Positron emission tomography in patients with clinically diagnosed Alzheimer's disease

Review

Positron emission tomography in patients with clinically diagnosed Alzheimer's disease

P L McGeer et al. CMAJ. .

Abstract

Fourteen patients who had clinically diagnosed Alzheimer's disease with mild to severe dementia (mean age 69.1 years) were evaluated by calculation of local cerebral metabolic rate for glucose (LCMR-gl) based on uptake of 18F-2-fluoro-2-deoxyglucose (FDG) detected with positron emission tomography (PET). PET scanning showed that the patients had significantly lower LCMR-gl values than 11 age-matched neurologically normal volunteers (mean age 66.3 years). The differences were most marked in the temporal cortex, followed by the frontal, parietal and occipital cortex. In each case the LCMR-gl value was below the lowest control value in at least one cortical area and usually in several; the reduction in LCMR-gl and the number of regions involved in the patients increased with the severity of the dementia. Deficits noted in neuropsychologic testing generally correlated with those predicted from loss of regional cortical metabolism.

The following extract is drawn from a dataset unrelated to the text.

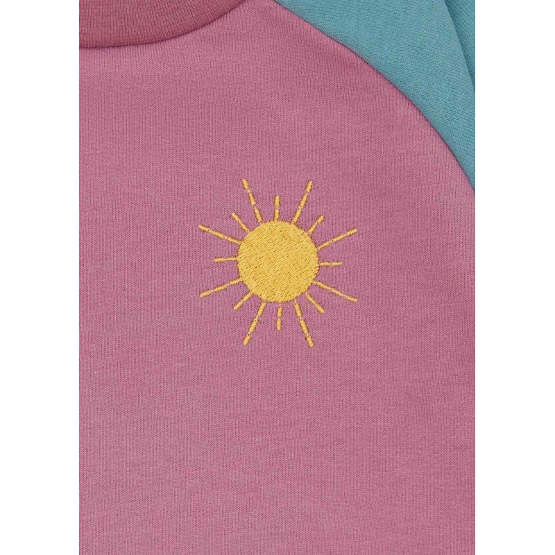 Zweifarbige Raglanärmel und liebevolle Sonnenstickerei – kindgerecht und modern
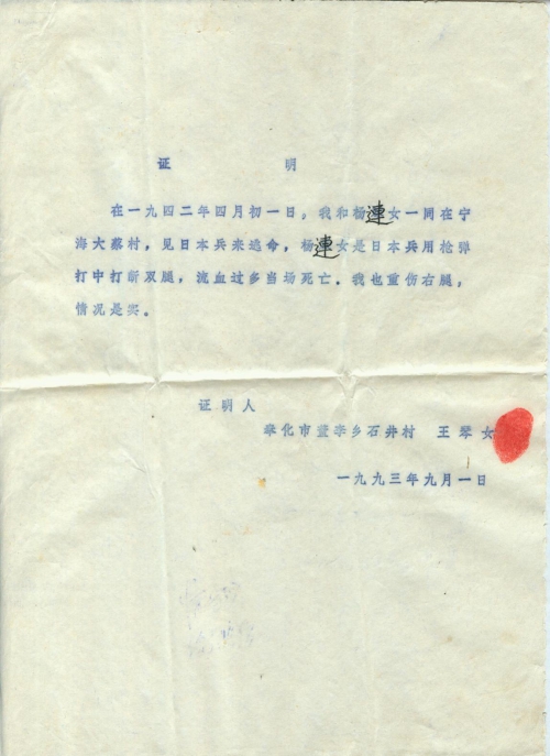 Other details:In 1942 my mother Yang Liannv and aunt Wang Qinnv together fled, and died after two legs were broken by the Japanese Army due to excessive bleeding. My aunt was seriously injured, but survived. I demand Japan to give compensation. The letter included seal of the village committee as proof. Note: The envelope is missing

The patients with Alzheimer's disease were also examined with magnetic resonance imaging, computed tomography or both; the degree of atrophy found showed only a poor correlation with the neuropsychologic deficit. Significant atrophy was also noted in some of the controls. A detailed analysis of LCMR-gl values in selected cerebral regions of various sizes refuted the hypothesis that the reduction in cortical glucose metabolism in Alzheimer's disease is due to the filling by metabolically inert cerebrospinal fluid of space created by tissue atrophy.